The D.C. special education system’s odyssey through the federal courts continues. On Wednesday, U.S. District Judge Royce C. Lamberth ruled that while there has been some improvement, the District needs to dramatically ramp up its efforts to identify, assess and serve preschool-age children with special needs.

And after multiple attempts to end court supervision and return sole responsibility for special education transportation service to the District, Judge Paul L. Friedman has extended the “transition period” to Oct. 31, 2012.

The District has been so challenged by the task of providing reliable transportation to about 3,500 special education students that its bus service has been under federal court supervision for much of the last decade, a product of the Petties class action lawsuit. Based on signs of improvement last year, Friedman initiated a gradual transition from his designated Transportation Administrator, David Gilmore, back to the District.

But Friedman’s latest order, issued Monday, marks the fifth time that either Gilmore or the Office of the State Superintendent of Education (OSSE) requested a delay in completing the handoff because of continuing issues with service.

OSSE and Gilmore have been firing briefs and memoranda across their respective bows since early summer. Gilmore, now a court-appointed special master, asserted in a report to Friedman that OSSE “knowingly” used improperly maintained or uninspected buses to transport students, a charge that OSSE denies. Gilmore also cited substandard on-time performance, lagging maintenance and inadequate technology, that he said could plague the beginning of the 2011-12 school year.

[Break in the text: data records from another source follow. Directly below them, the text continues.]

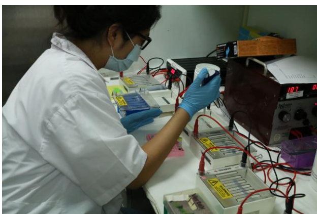
學員進行電泳樣品填樣。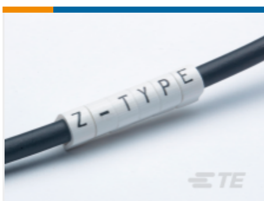
TE 产品编号EC0372-000 Z-Type Push-On Markers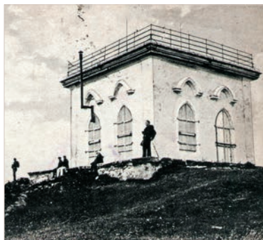
Pavilón na Sitne pred rokom 1918

V dávnejšej minulosti stavali ľudia filagórie – oddychové domčeky, z ktorých bol výhľad na okolie. Ukážkou takýchto objektov je filagória v skanzene v Jahodníckych hájoch pri Martine. Najznámejšou filagóriou u nás sa stala stavba priamo na vrchole Sitna. Vyhladko-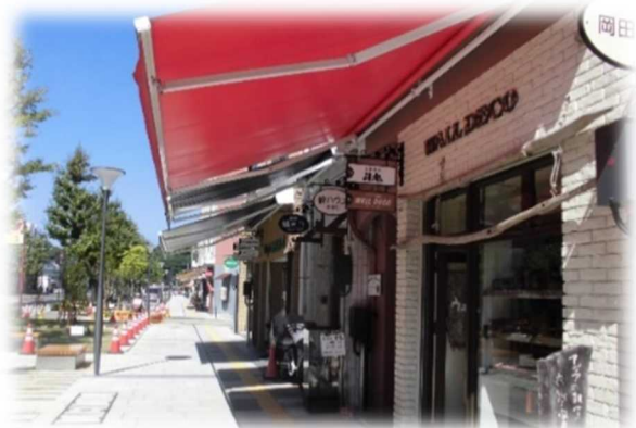
【ファンド支援のイメージ】

OSSE acknowledged to Friedman that while “some limited noncompliance” remained, the opening of schools went reasonably well. On-time performance in the first month of the new school year averaged 80 percent, which the agency described as “within striking distance” of the required 94 percent. On Thursday, it placed its on-time rate at 88 percent, but did not provide a week-to-week breakdown. OSSE said in court filings that “perfection is not required” to clear the Petties bar.

Gilmore said that while OSSE had once again shown improvement — for which he pointedly credited City Administrator Allen Lew, not Superintendent Hosanna Mahaley — it had yet to demonstrate “durable compliance” with the court’s orders. Even OSSE said it could use more time, asking for an extension to April 30, 2012. Friedman sided with Gilmore and set the October 2012 deadline — probably so that OSSE will have to demonstrate that it can handle another August school opening season.